How a WeChat ban would hurt Chinese-Americans

Millions in the US use the app to stay in touch with family members in China

WeChat Possible Ban Fallout A lady using WeChat on her smartphone | AP

For millions of people in the US who use the Chinese app WeChat, it's a lifeline to friends, family, customers and business contacts in China.

That lifeline is now under attack by an executive order from President Donald Trump that could ban the app in the US as early as mid-September, potentially severing vital relationships.

It's the first thing I check in the morning, Sha Zhu, a Chinese-American in Washington, says of WeChat. 

It's how she talks to her mother and old friends from China, which she left in 2008, and how she communicates with her colleagues as a public relations manager for a Chinese-owned consulting company. It's where she stores the Chinese currency in her virtual wallet.

Most important, it's where she keeps videos and audio clips of her father, who died four years ago.

In China, WeChat, or Weixin as it's known, is critical infrastructure texting, social media, cab-hailing, payments and more, all wrapped into one app. Many Chinese businesses don't even take credit cards anymore, just WeChat. 

It has over a billion users, owner Tencent says, mostly in China. Mobile app firms have varying estimates for US downloads in the range of 19 to 26 million.
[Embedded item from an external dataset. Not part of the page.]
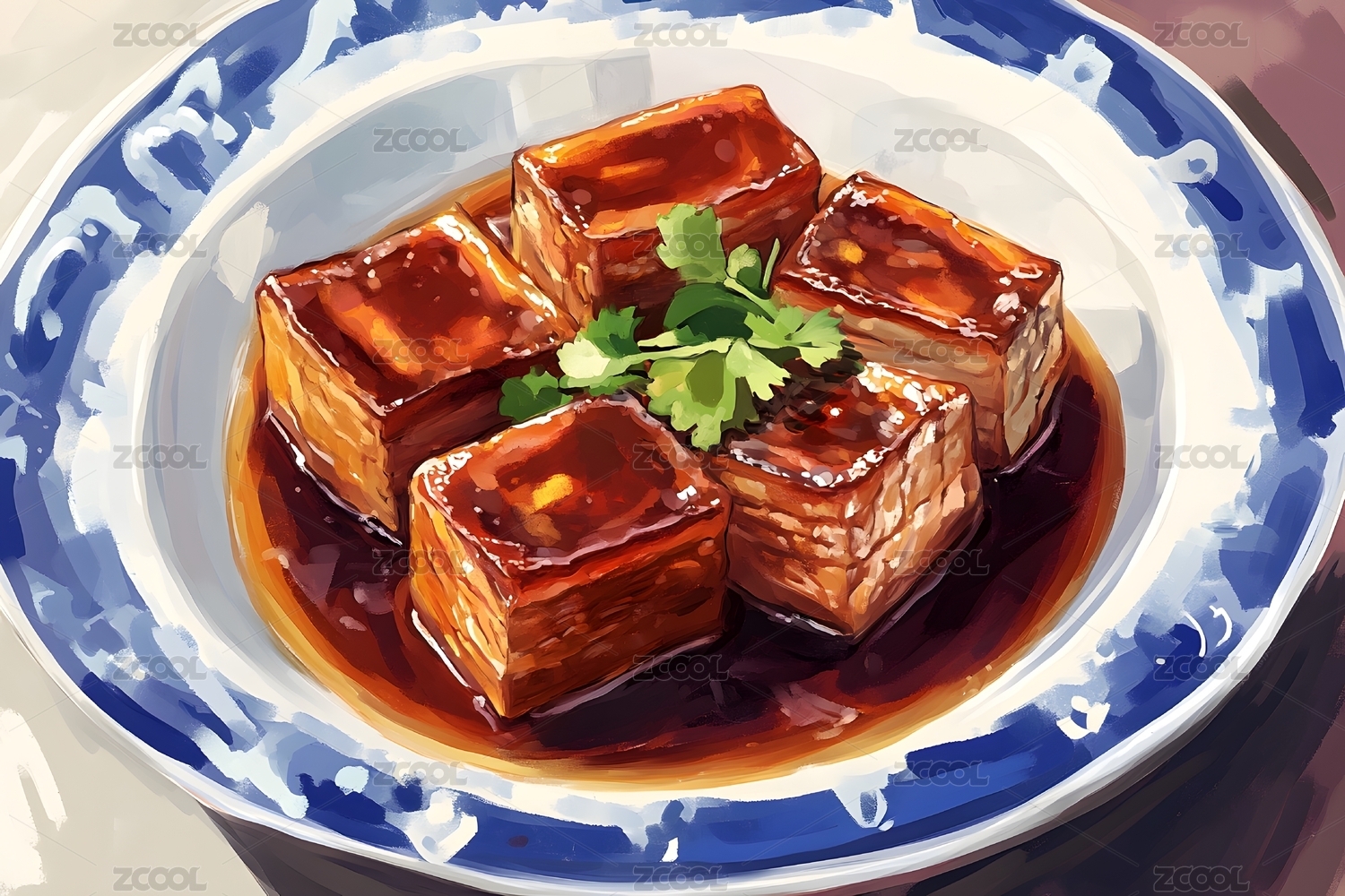 红糖糍粑,插画,食物,食品,中式,中国风,室内,桌面,木质,桌子

People in China have little choice but to use it because the country's communist rulers block access to Google's search engine, Facebook, Twitter and other social media, along with many other foreign websites and online services.
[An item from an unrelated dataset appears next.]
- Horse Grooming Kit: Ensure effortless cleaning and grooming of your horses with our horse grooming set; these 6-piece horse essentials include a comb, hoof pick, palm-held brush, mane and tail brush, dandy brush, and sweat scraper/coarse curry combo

For people in the US, WeChat has less functionality than it does in China. 

But, it's what connects immigrants and students from China to their pasts and to each other. 

Chinese restaurants in the US use it to take food orders. Businesspeople in the US that have work in China rely on it as well.

Kurt Braybrook, who spent 22 years doing business in Shanghai before moving back to the US in 2017, says the app is irreplaceable for him and his China-born wife. 

He could lose roughly 500 WeChat contacts, few of which he could reach without the app.

If they banned it entirely, it will wipe out connections to my wife's family, all our friends and my network of business contacts I built over 22 years, says Braybrook, who now lives in Grand Rapids, Michigan.

Trump's August 6 order, released after hours without additional explanation, purportedly aims to ban all transactions related to WeChat." 

Trump simultaneously issued a nearly identical order aimed at the popular, Chinese-owned video app TikTok. 

Both orders have thrown users into confusion, leading some to begin moving to alternative services. But that's especially difficult for regular users of WeChat.

Executives of more than a dozen US multinationals pushed back against the Trump order on WeChat in a conference call with White House officials, the Wall Street Journal reported Thursday. 

Some feared the order might prevent their subsidiaries in China from using the app, which could place them at a competitive disadvantage.

The day after Trump's order, Zhu got dozens of queries from friends, family members and colleagues, asking if they should switch to messaging options such as Telegram, WhatsApp or Signal. 

Those offer secure messaging and aren't Chinese-owned.

She still doesn't know if she'll be able to access her money, or what she'll do with all those stored memories of her father. 

We can't make a plan, she says. She blames politicians, especially Trump, for her current stress: We're the pawn that they can manipulate to put anywhere on the chessboard.